- **ABOUT THIS EXERCISE**
An exact copy is the goal: every line from the one containing "For improving computational" to the end of the material below, pictures excluded.

- **EXERCISE DATA**
= Beginning of Section =

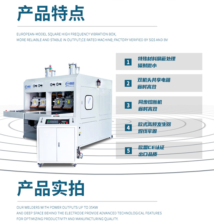 ★高周波熔接機(jī),通常也稱為高周波吸塑包裝機(jī)、高周波塑料熔接機(jī)、高頻熱合機(jī)、高頻封口機(jī)、吸塑包裝機(jī)、高周波封口包裝機(jī)、熱合封口包裝、泡殼包裝機(jī)、高頻熱合包裝機(jī)、吸塑包裝機(jī)、高周波封口機(jī)、高頻包裝機(jī)、高周波包裝機(jī)、包裝機(jī)械等等。單頭推盤(pán)式高周波熔接機(jī)和單頭轉(zhuǎn)盤(pán)式高周波熔接機(jī)有手動(dòng)和自動(dòng)兩種可供選擇,自動(dòng)推盤(pán)式或自動(dòng)轉(zhuǎn)盤(pán)式的高周波機(jī)效率更高,產(chǎn)量更好。自動(dòng)滑臺(tái)式高周波熔接機(jī)為雙向自動(dòng)滑臺(tái),往返式連續(xù)送料熔接,定位精準(zhǔn)。也適用用大面積產(chǎn)品的加工,熔接,如PVC水床,漂流筏,兒童泳池等。
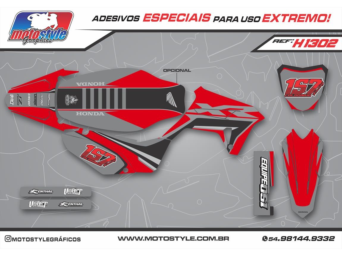 1º Passo : Escolha o tipo de gráfico que você quer ( fosco, brilho,metalizado ou full metalizado ) e o modelo de arte, que ajustaremos para os moldes da sua moto. Todos os gráficos podem ser feito alterações de nome, números, logos, cores e etc, conforme o cliente achar necessário. Por favor nos informar se tiver alguma peça ou detalhe fora de original da sua moto para que possamos acertar antes de fazer o desenho..
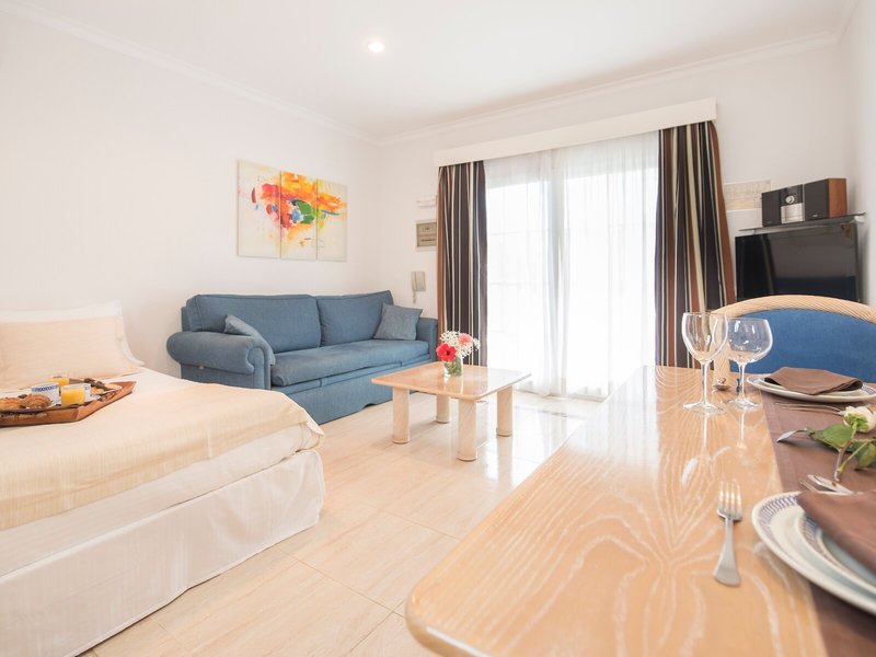 So wohnen Sie: In den Zimmern finden sich ein Wohnzimmer, eine Küche und ein Badezimmer, für ein behagliches Raumklima sorgen eine Klimaanlage und eine zentral steuerbare Heizung. Die Gäste können den Gartenblick von Balkon oder Terrasse genießen. Die Zimmer verfügen über ein Doppelbett oder ein Sofabett. Es sind separate Schlafzimmer vorhanden. Zustellbetten können angefordert werden. Außerdem sind ein Safe und ein Schreibtisch verfügbar. Die Kochnische ist mit einem Kühlschrank, einem Herd, einer Mikrowelle, einer Tee-/Kaffeemaschine und einem Backofen gut für Selbstversorger ausgestattet. Ein Bügelset ist für den zusätzlichen Komfort der Gäste verfügbar. Darüber hinaus sind ein Telefon, Sat-TV und WiFi (gegen Gebühr) vorhanden. Im Badezimmer, ausgestattet mit einer Dusche und einer Badewanne, gibt es einen Haartrockner. Für besonderen Komfort in den Badezimmern sorgen Kosmetikartikel. Für Eltern mit Kindern stehen Familienzimmer zur Verfügung.
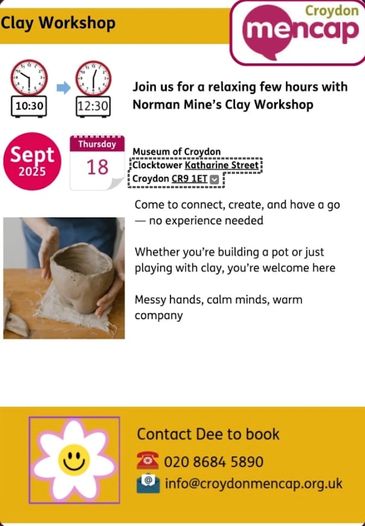 Croydon Mencap also host creative activities like their Clay Workshop at the Museum of Croydon. This friendly, hands-on session offers a chance to connect, create, and relax — no experience needed. Whether you’re building a pot or just having fun with clay, it’s all about “messy hands, calm minds, and warm company.”
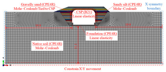 For improving computational efficiency, 2D FEMs (as shown in Figure 12) were established by the ABAQUS 2020 software to obtain the performance of the BTSSS during the backfilling process and under the live load [25,26,27]. The native soil was extended to three times the span of the BTSSS, and symmetric boundary conditions (Ux = URy = URz = 0) were imposed [28]. The distance from the bottom boundary of the native soil to the foundation was taken as 11.1 m, about three times the rise of the BTSSS, and all degrees of freedom of the nodes on the bottom boundary were fixed. The two-node liner beam elements (B21) were used to simulate the CSP. The other parts in the FEM were simulated by four-node bilinear plane strain quadrilateral reduced elements (CPE4R).
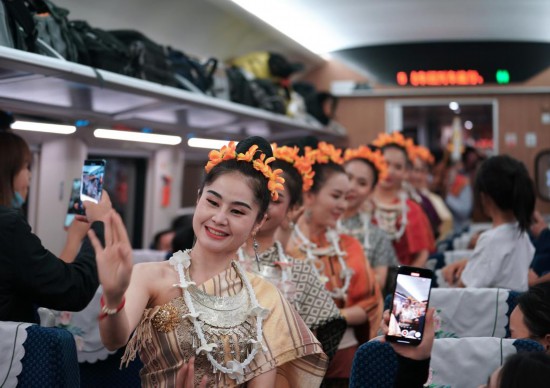 這條幸福路幫助老撾實(shí)現(xiàn)從“陸鎖國(guó)”變?yōu)椤瓣懧?lián)國(guó)”的企盼,有效跨越發(fā)展阻隔,不斷提升老撾人民的獲得感、幸福感?!盀憸嫣?hào)”動(dòng)車(chē)持續(xù)融入老撾人民的日常生活,使人們的出行邁入“動(dòng)車(chē)時(shí)代”;“兩地兩檢”通關(guān)模式有效縮短通關(guān)時(shí)間,人員往來(lái)更加高效便捷。兩年來(lái),中老鐵路全線每月旅客發(fā)送量已由開(kāi)通初期的60多萬(wàn)人次增至110多萬(wàn)人次,累計(jì)發(fā)送旅客2420萬(wàn)人次。

= End of Section =

- **ANSWER TO THE EXERCISE**
 For improving computational efficiency, 2D FEMs (as shown in Figure 12) were established by the ABAQUS 2020 software to obtain the performance of the BTSSS during the backfilling process and under the live load [25,26,27]. The native soil was extended to three times the span of the BTSSS, and symmetric boundary conditions (Ux = URy = URz = 0) were imposed [28]. The distance from the bottom boundary of the native soil to the foundation was taken as 11.1 m, about three times the rise of the BTSSS, and all degrees of freedom of the nodes on the bottom boundary were fixed. The two-node liner beam elements (B21) were used to simulate the CSP. The other parts in the FEM were simulated by four-node bilinear plane strain quadrilateral reduced elements (CPE4R).
 這條幸福路幫助老撾實(shí)現(xiàn)從“陸鎖國(guó)”變?yōu)椤瓣懧?lián)國(guó)”的企盼,有效跨越發(fā)展阻隔,不斷提升老撾人民的獲得感、幸福感?!盀憸嫣?hào)”動(dòng)車(chē)持續(xù)融入老撾人民的日常生活,使人們的出行邁入“動(dòng)車(chē)時(shí)代”;“兩地兩檢”通關(guān)模式有效縮短通關(guān)時(shí)間,人員往來(lái)更加高效便捷。兩年來(lái),中老鐵路全線每月旅客發(fā)送量已由開(kāi)通初期的60多萬(wàn)人次增至110多萬(wàn)人次,累計(jì)發(fā)送旅客2420萬(wàn)人次。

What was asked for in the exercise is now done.